== Segment start ==

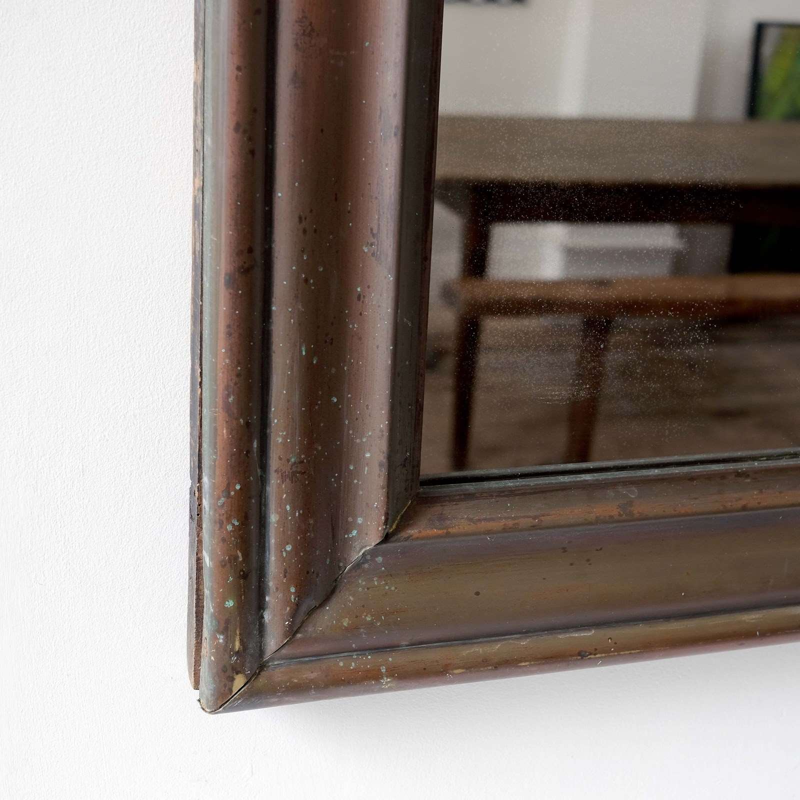 Late 19th century French bistro mirror. Original plate, original panelled back, original substantial brass plated frame with lovely patination. Great near square proportions.
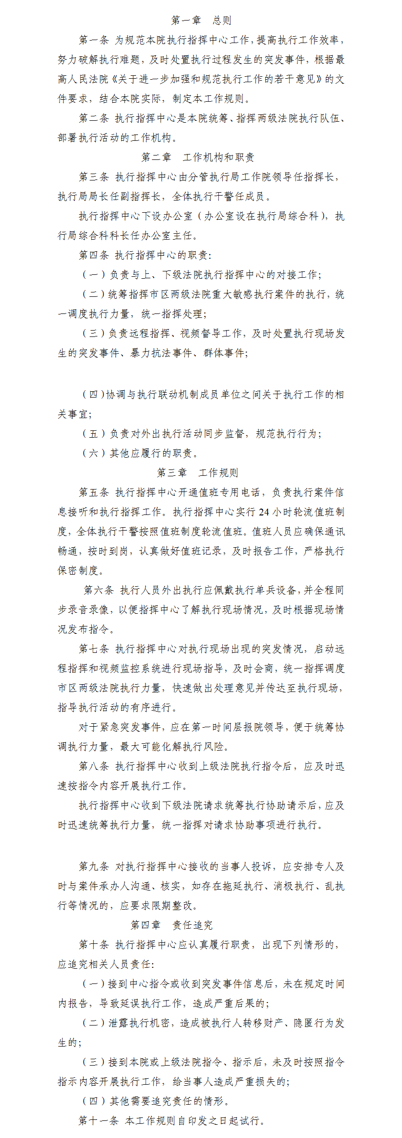 海口市中级人民法院执行指挥中心工作规则(试行)
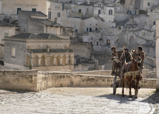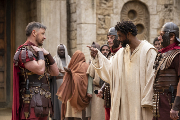 After several attempts and failures, Clarence comes upon a seemingly good idea. Watching how a certain well-known figure and his 12 apostles including his own twin brother exert considerable influence on the people of Jerusalem, Clarence decides to be another apostle of his, and we get a little amusing moment when he approaches to those 12 apostles for proving himself. After seeing that they do not regard him that seriously, he chooses to do his own religion business instead, and Elijah willingly joins his business scheme along with Barabbas (Omar Sy), a hulking gladiator Clarence managed to liberate at one point.
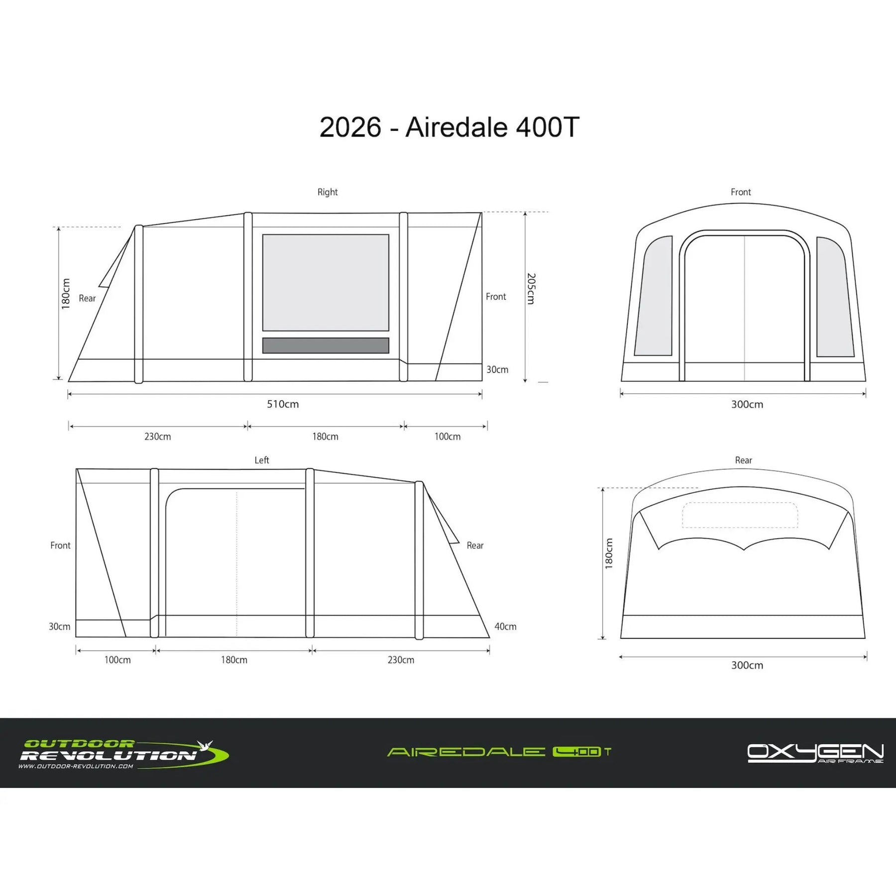 The Outdoor Revolution Airedale 400T Air Including Footprint is built for campers who value comfort and simplicity without sacrificing performance. Its tunnel-style inflatable structure delivers excellent head height and a surprisingly open feel for a 4-person tent, while the clear separation between sleeping and living zones makes everyday campsite life easier.

== Segment end ==

[What is being asked]
Once the pictures are dropped, repeat the data above exactly.

[Worked solution]
 Late 19th century French bistro mirror. Original plate, original panelled back, original substantial brass plated frame with lovely patination. Great near square proportions.
 海口市中级人民法院执行指挥中心工作规则(试行)
 After several attempts and failures, Clarence comes upon a seemingly good idea. Watching how a certain well-known figure and his 12 apostles including his own twin brother exert considerable influence on the people of Jerusalem, Clarence decides to be another apostle of his, and we get a little amusing moment when he approaches to those 12 apostles for proving himself. After seeing that they do not regard him that seriously, he chooses to do his own religion business instead, and Elijah willingly joins his business scheme along with Barabbas (Omar Sy), a hulking gladiator Clarence managed to liberate at one point.
 The Outdoor Revolution Airedale 400T Air Including Footprint is built for campers who value comfort and simplicity without sacrificing performance. Its tunnel-style inflatable structure delivers excellent head height and a surprisingly open feel for a 4-person tent, while the clear separation between sleeping and living zones makes everyday campsite life easier.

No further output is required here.